→ SOURCE DATA:
= = = =

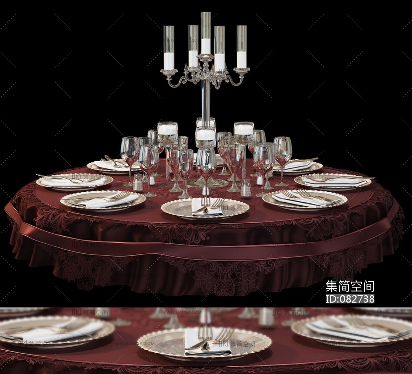 欧式圆形餐桌桌布餐具烛台 3d模型下载 [模型ID:82738]
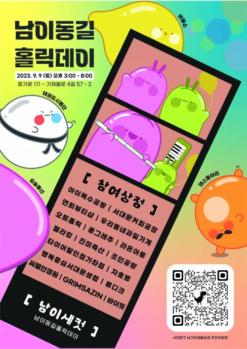 [Çѱ¹BBC¹æ¼Û=À̽ŵ¿±âÀÚ]¼­´ë¹®±¸ ³²°¡Á»ýȰ»ó±Ç ÃßÁøÀ§¿øÈ¸´Â »ýȰ»ó±Ç °ñ¸ñ Ȱ¼ºÈ­¿Í ³²À̵¿±æ ºê·£µå °¡Ä¡¸¦ È®»êÇϱâ À§ÇØ 9¿ù 9ÀÏ ¿ÀÈÄ 3½ÃºÎÅÍ 8½Ã±îÁö ¡®Á¦3ȸ ³²À̵¿±æ Ȧ¸¯µ¥ÀÌ ºê·£µå ÃàÁ¦¡¯¸¦ °³ÃÖÇÑ´Ù°í ¹àÇû´Ù. À̹ø ºê·£µå ÃàÁ¦´Â ¡®³²À̵¿±æ Ȧ¸¯µ¥¡¦
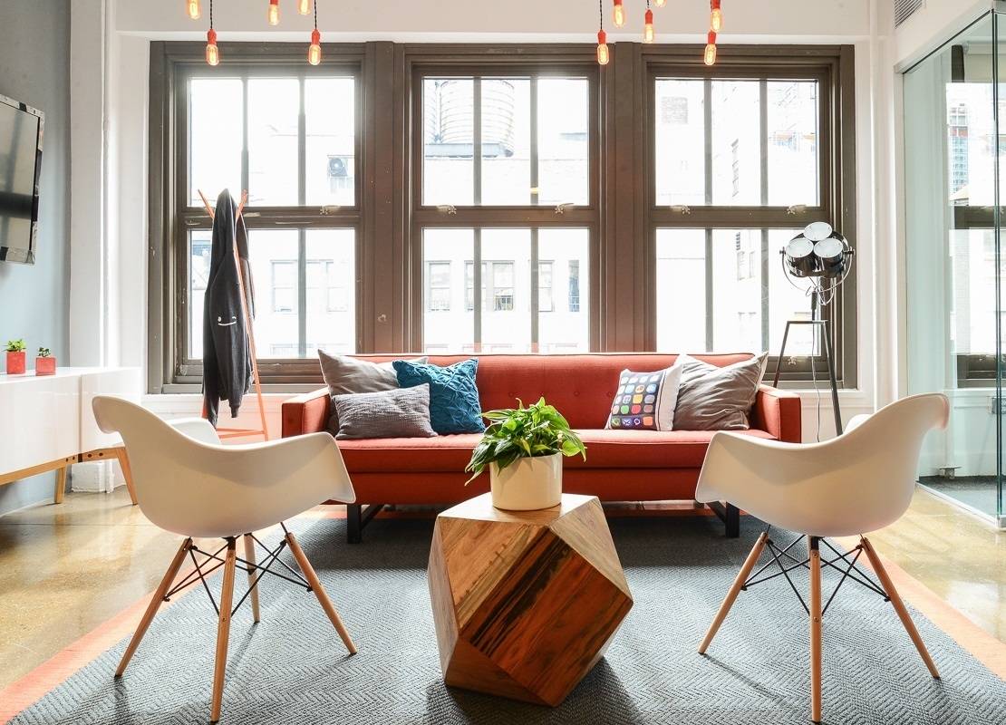 1. Под цвет мебели, которая будет располагаться на нем или возле него. Так, на сером ковре может стоять серый диван, а на синем ковре — обеденный стол с синими стульями.
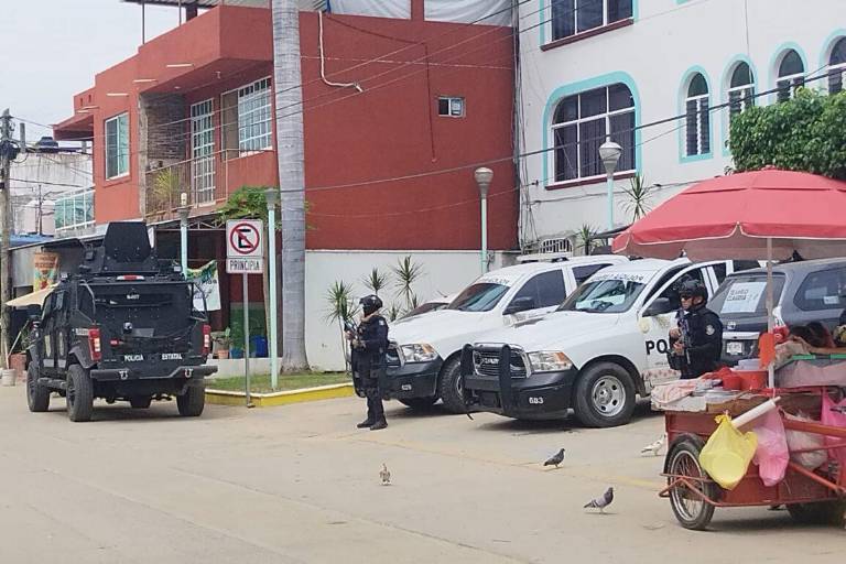 En la cabecera municipal se veía más flujo de gente, sin que esto significara que todo está bien. «No queda de otra, tiene que trabajar la gente para poder comer», dijo una señora que observaba las operaciones de los policías estatales a un costado del Ayuntamiento.
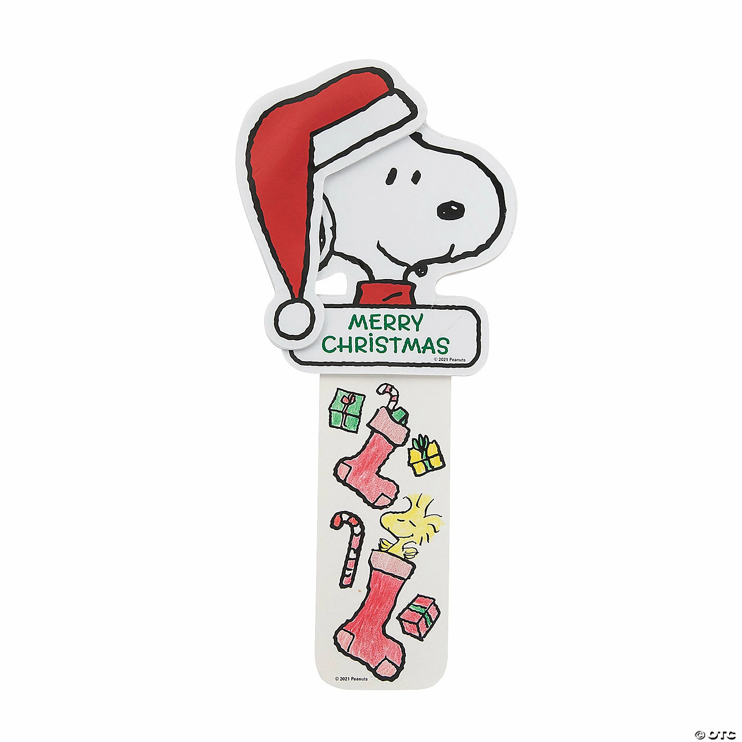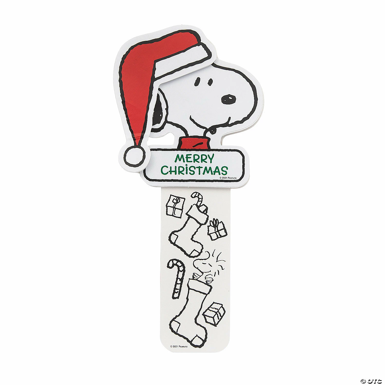 When youโre done reading for the day, good ole Snoopy is here to save your page! This Christmas bookmark craft is an easy classroom activity or holiday party activity. Kids will have fun coloring the stockings and presents and then assembling Snoopyโs Santa hat. Use it for marking where you left off in a coloring book or favorite novel. Includes self-adhesive foam pieces and cardstock. 3 1/2″ x 8″ Makes 12. All craft kit pieces are pre-packaged for individual use. Kits include instructions. Only at OTC / ยฉ 2021 Peanuts Worldwide LLC
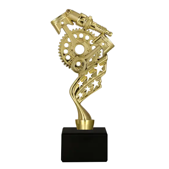 Plastová soška Motorismus je vyrobena z plastu a pokryta elegantním zlatým povrchem. Zobrazuje motoristické prvky, jako je píst motoru, zapalovací svíčka a ozubené kolo, které vyjadřují sílu a preciznost blízkou světu motorismu.
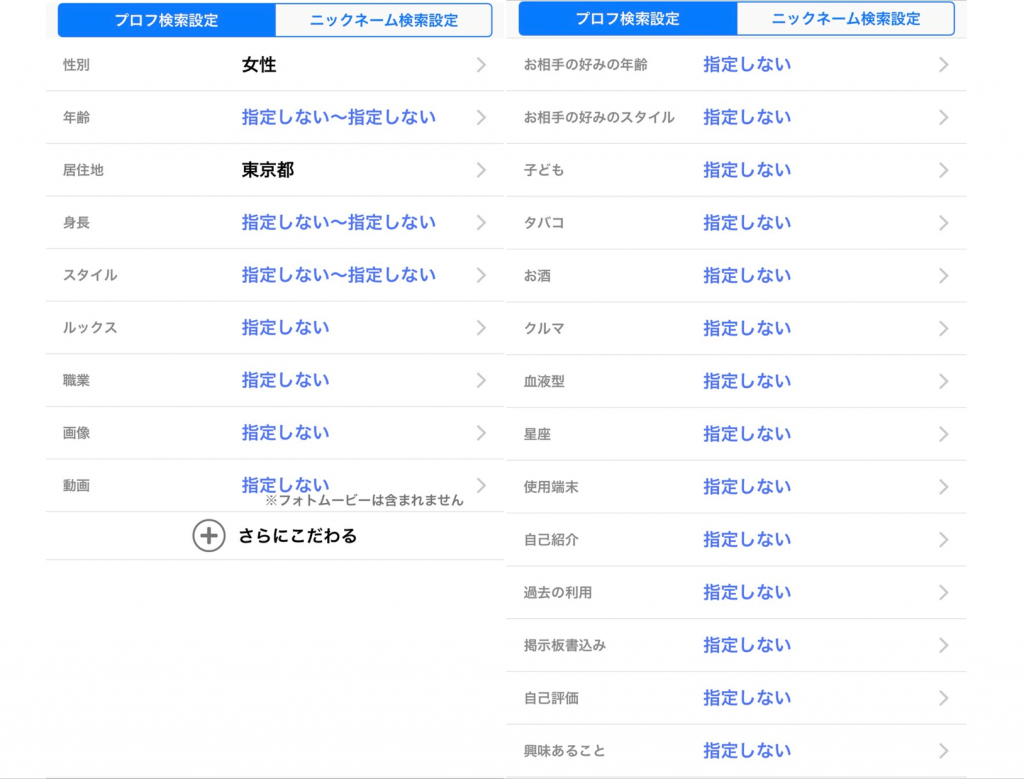 お相手に求める条件を指定することができます。年齢や身長からタバコ、お酒などの条件を設定します。

= = = =

Before writing out the material above, please remove its pictures; everything else stays exact.

→ WORKED SOLUTION:
 欧式圆形餐桌桌布餐具烛台 3d模型下载 [模型ID:82738]
 [Çѱ¹BBC¹æ¼Û=À̽ŵ¿±âÀÚ]¼­´ë¹®±¸ ³²°¡Á»ýȰ»ó±Ç ÃßÁøÀ§¿øÈ¸´Â »ýȰ»ó±Ç °ñ¸ñ Ȱ¼ºÈ­¿Í ³²À̵¿±æ ºê·£µå °¡Ä¡¸¦ È®»êÇϱâ À§ÇØ 9¿ù 9ÀÏ ¿ÀÈÄ 3½ÃºÎÅÍ 8½Ã±îÁö ¡®Á¦3ȸ ³²À̵¿±æ Ȧ¸¯µ¥ÀÌ ºê·£µå ÃàÁ¦¡¯¸¦ °³ÃÖÇÑ´Ù°í ¹àÇû´Ù. À̹ø ºê·£µå ÃàÁ¦´Â ¡®³²À̵¿±æ Ȧ¸¯µ¥¡¦
 1. Под цвет мебели, которая будет располагаться на нем или возле него. Так, на сером ковре может стоять серый диван, а на синем ковре — обеденный стол с синими стульями.
 En la cabecera municipal se veía más flujo de gente, sin que esto significara que todo está bien. «No queda de otra, tiene que trabajar la gente para poder comer», dijo una señora que observaba las operaciones de los policías estatales a un costado del Ayuntamiento.
 When youโre done reading for the day, good ole Snoopy is here to save your page! This Christmas bookmark craft is an easy classroom activity or holiday party activity. Kids will have fun coloring the stockings and presents and then assembling Snoopyโs Santa hat. Use it for marking where you left off in a coloring book or favorite novel. Includes self-adhesive foam pieces and cardstock. 3 1/2″ x 8″ Makes 12. All craft kit pieces are pre-packaged for individual use. Kits include instructions. Only at OTC / ยฉ 2021 Peanuts Worldwide LLC
 Plastová soška Motorismus je vyrobena z plastu a pokryta elegantním zlatým povrchem. Zobrazuje motoristické prvky, jako je píst motoru, zapalovací svíčka a ozubené kolo, které vyjadřují sílu a preciznost blízkou světu motorismu.
 お相手に求める条件を指定することができます。年齢や身長からタバコ、お酒などの条件を設定します。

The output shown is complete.